- _Exercise_: Lines from the one with "This research explores" up to and including the one with "Kolej Yaka Nak??l?" are to be copied exactly from the records below, without their pictures.

--------------------------------------------------

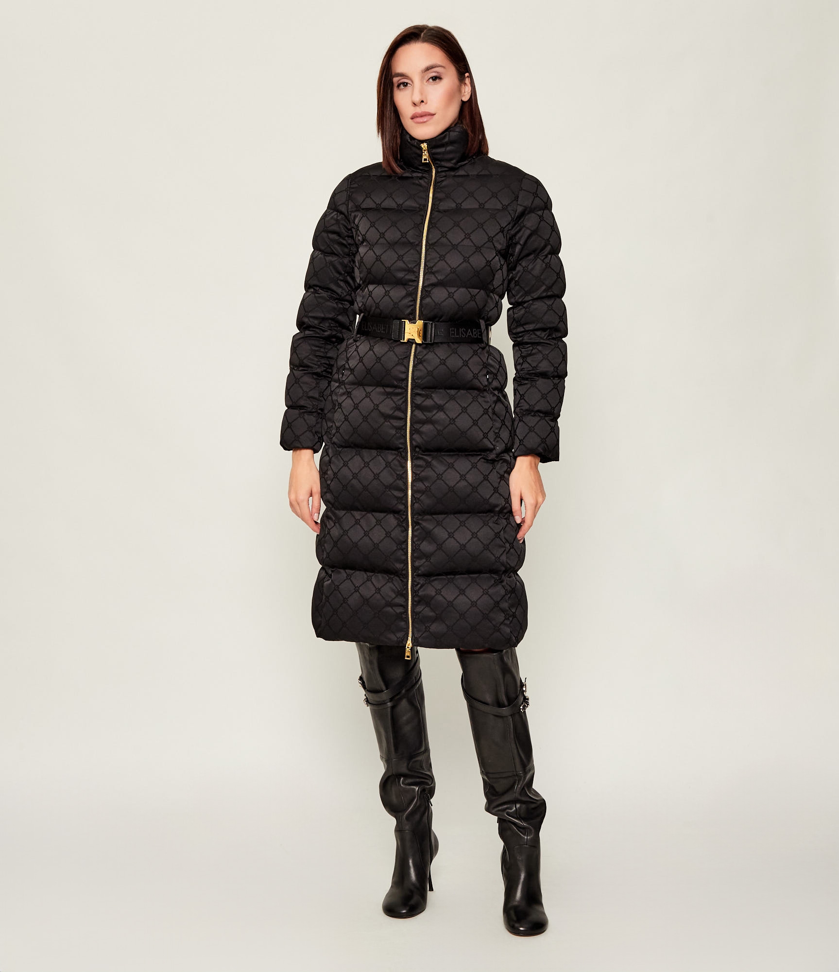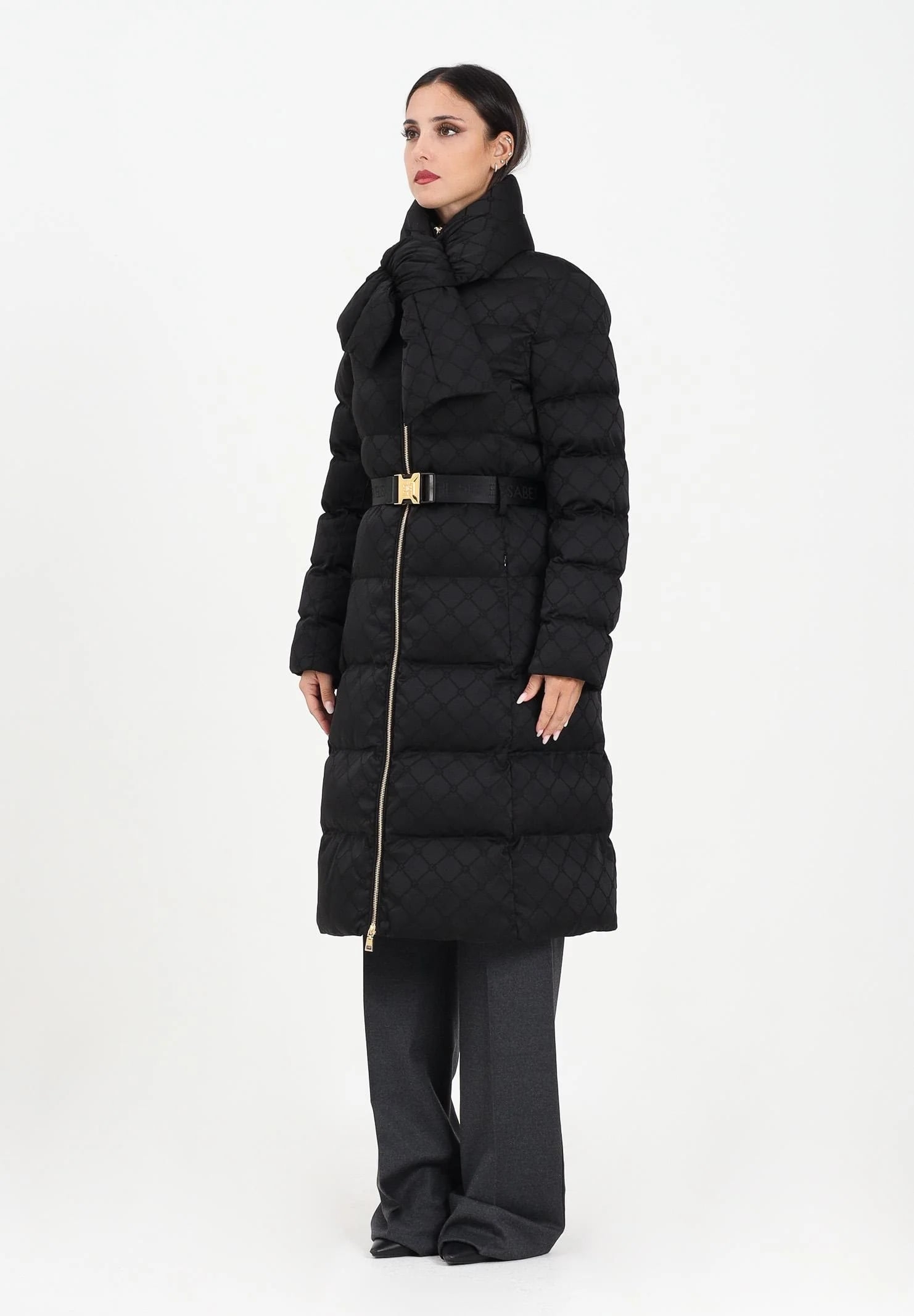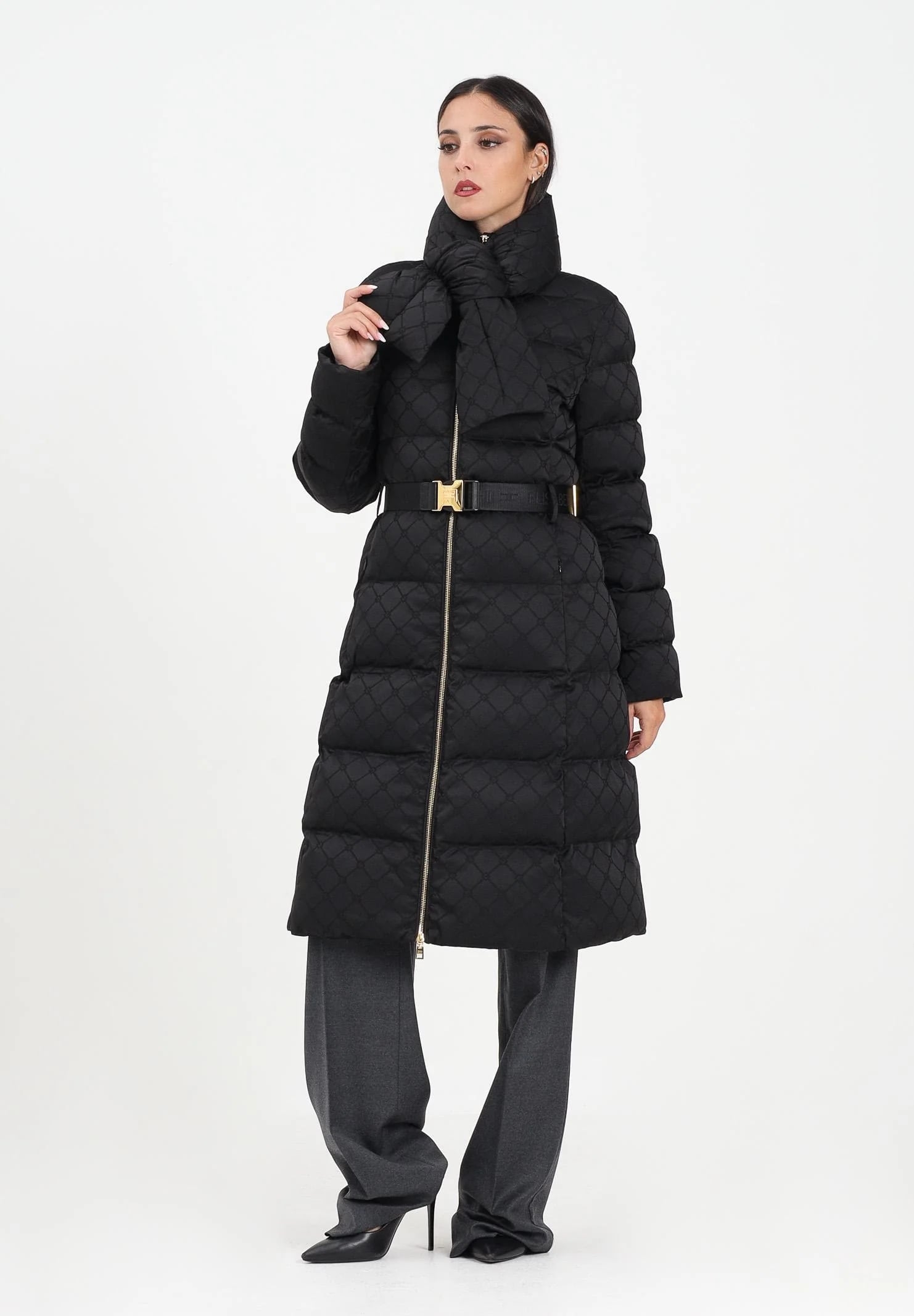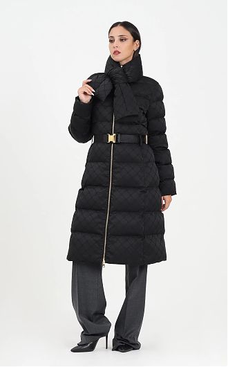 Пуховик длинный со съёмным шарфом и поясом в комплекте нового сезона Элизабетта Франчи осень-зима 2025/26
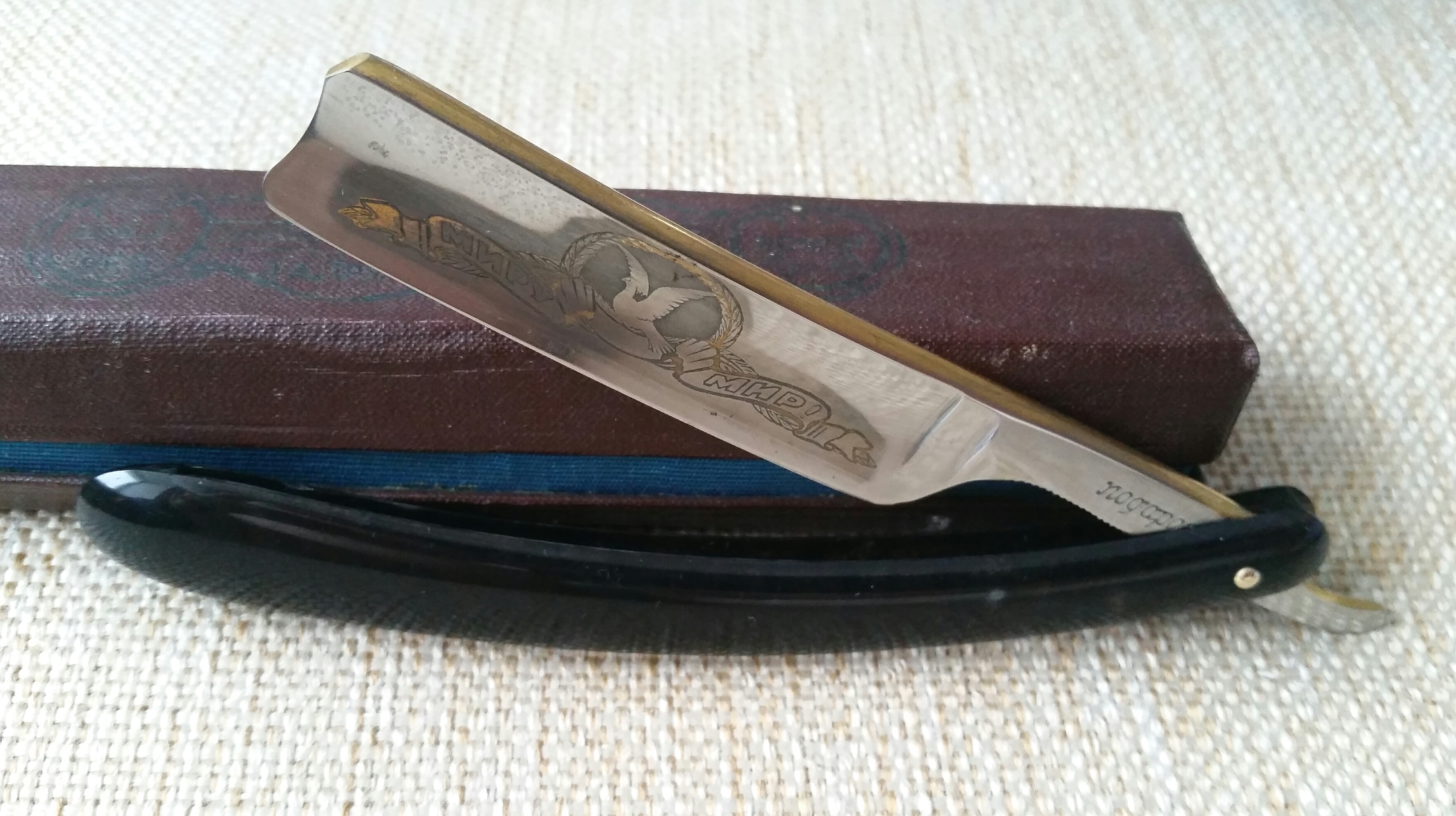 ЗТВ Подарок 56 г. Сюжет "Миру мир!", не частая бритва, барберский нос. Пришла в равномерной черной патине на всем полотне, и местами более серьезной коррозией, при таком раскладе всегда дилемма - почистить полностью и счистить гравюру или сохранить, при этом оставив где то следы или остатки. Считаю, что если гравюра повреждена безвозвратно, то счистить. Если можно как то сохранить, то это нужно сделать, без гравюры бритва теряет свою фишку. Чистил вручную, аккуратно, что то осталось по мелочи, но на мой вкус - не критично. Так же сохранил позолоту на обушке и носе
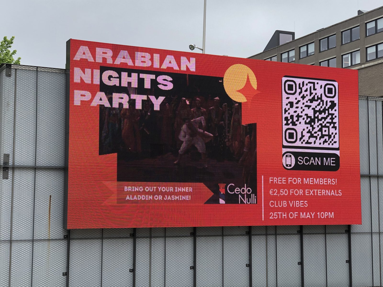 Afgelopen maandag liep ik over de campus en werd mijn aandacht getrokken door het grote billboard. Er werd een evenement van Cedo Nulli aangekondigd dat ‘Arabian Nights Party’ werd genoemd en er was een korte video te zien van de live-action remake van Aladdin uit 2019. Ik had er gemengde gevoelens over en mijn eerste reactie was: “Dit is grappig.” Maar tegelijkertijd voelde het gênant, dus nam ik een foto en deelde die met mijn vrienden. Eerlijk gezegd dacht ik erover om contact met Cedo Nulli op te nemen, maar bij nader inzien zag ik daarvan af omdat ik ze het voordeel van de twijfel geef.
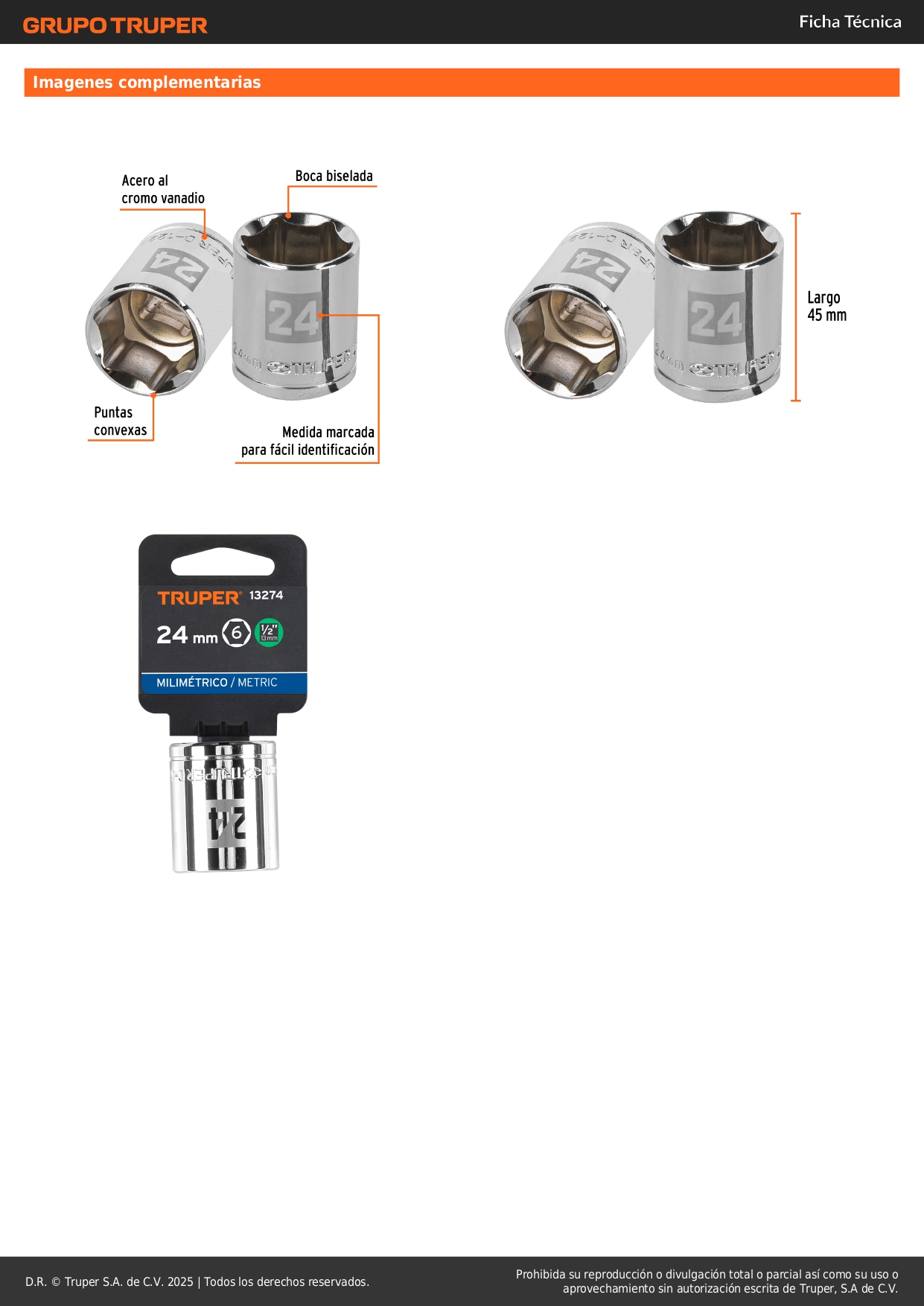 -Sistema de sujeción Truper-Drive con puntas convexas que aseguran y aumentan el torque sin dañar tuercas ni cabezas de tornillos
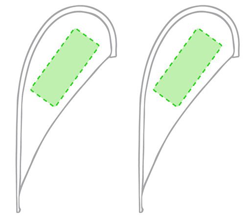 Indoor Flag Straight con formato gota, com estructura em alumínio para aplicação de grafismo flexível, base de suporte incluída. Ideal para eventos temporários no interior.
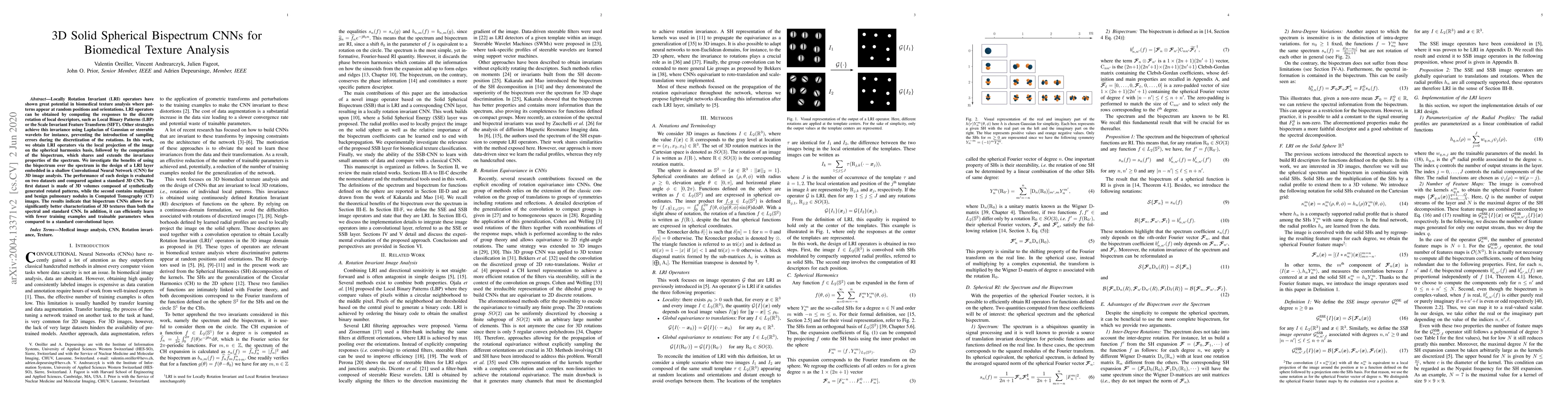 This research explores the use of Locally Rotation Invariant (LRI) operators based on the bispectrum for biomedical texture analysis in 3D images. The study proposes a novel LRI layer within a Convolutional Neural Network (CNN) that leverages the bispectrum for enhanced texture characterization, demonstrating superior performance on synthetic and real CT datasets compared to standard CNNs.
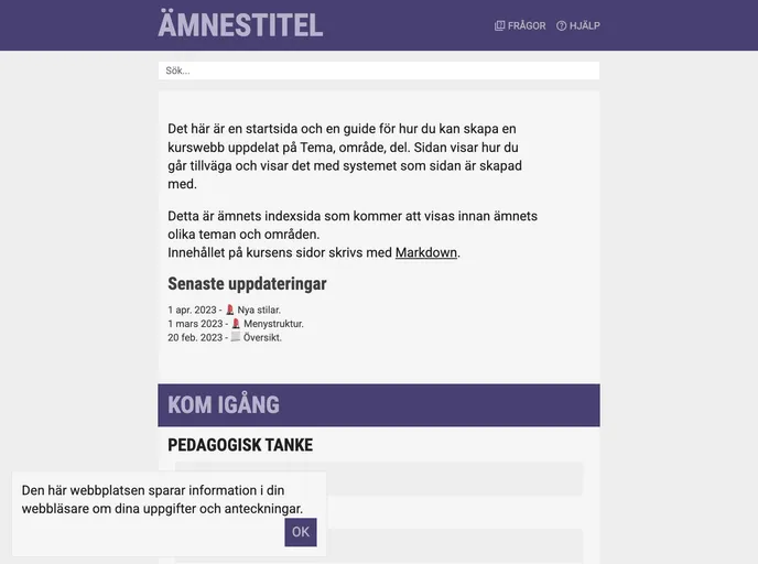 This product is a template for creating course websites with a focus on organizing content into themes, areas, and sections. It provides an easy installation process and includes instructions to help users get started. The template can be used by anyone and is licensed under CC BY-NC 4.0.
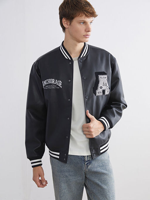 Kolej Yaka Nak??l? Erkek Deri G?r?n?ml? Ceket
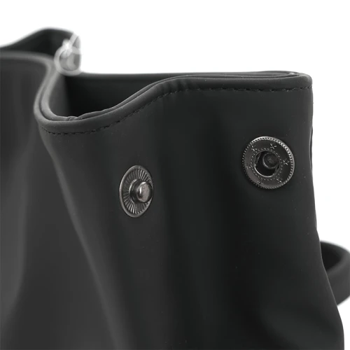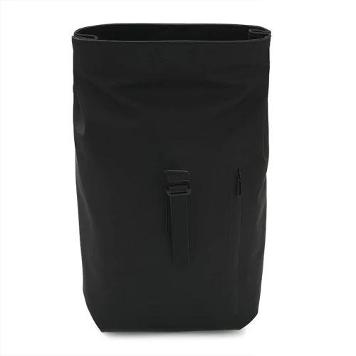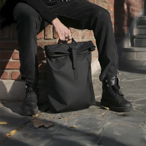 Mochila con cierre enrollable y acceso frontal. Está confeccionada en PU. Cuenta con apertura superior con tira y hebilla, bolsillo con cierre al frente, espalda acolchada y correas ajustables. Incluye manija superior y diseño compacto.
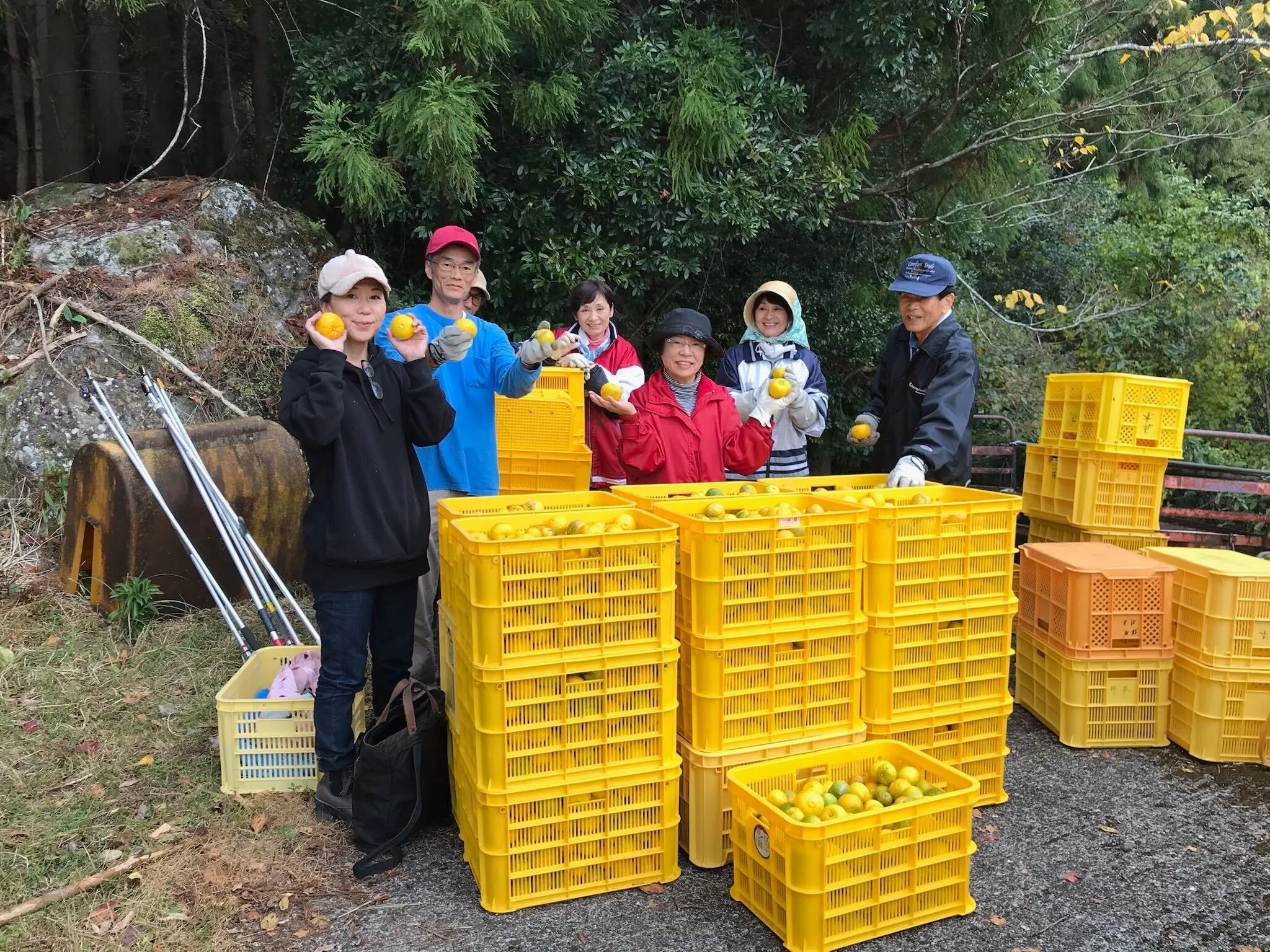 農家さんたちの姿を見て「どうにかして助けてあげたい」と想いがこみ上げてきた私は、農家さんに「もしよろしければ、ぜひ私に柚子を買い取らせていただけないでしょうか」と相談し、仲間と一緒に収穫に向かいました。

--------------------------------------------------

- _Written answer_:
 This research explores the use of Locally Rotation Invariant (LRI) operators based on the bispectrum for biomedical texture analysis in 3D images. The study proposes a novel LRI layer within a Convolutional Neural Network (CNN) that leverages the bispectrum for enhanced texture characterization, demonstrating superior performance on synthetic and real CT datasets compared to standard CNNs.
 This product is a template for creating course websites with a focus on organizing content into themes, areas, and sections. It provides an easy installation process and includes instructions to help users get started. The template can be used by anyone and is licensed under CC BY-NC 4.0.
 Kolej Yaka Nak??l? Erkek Deri G?r?n?ml? Ceket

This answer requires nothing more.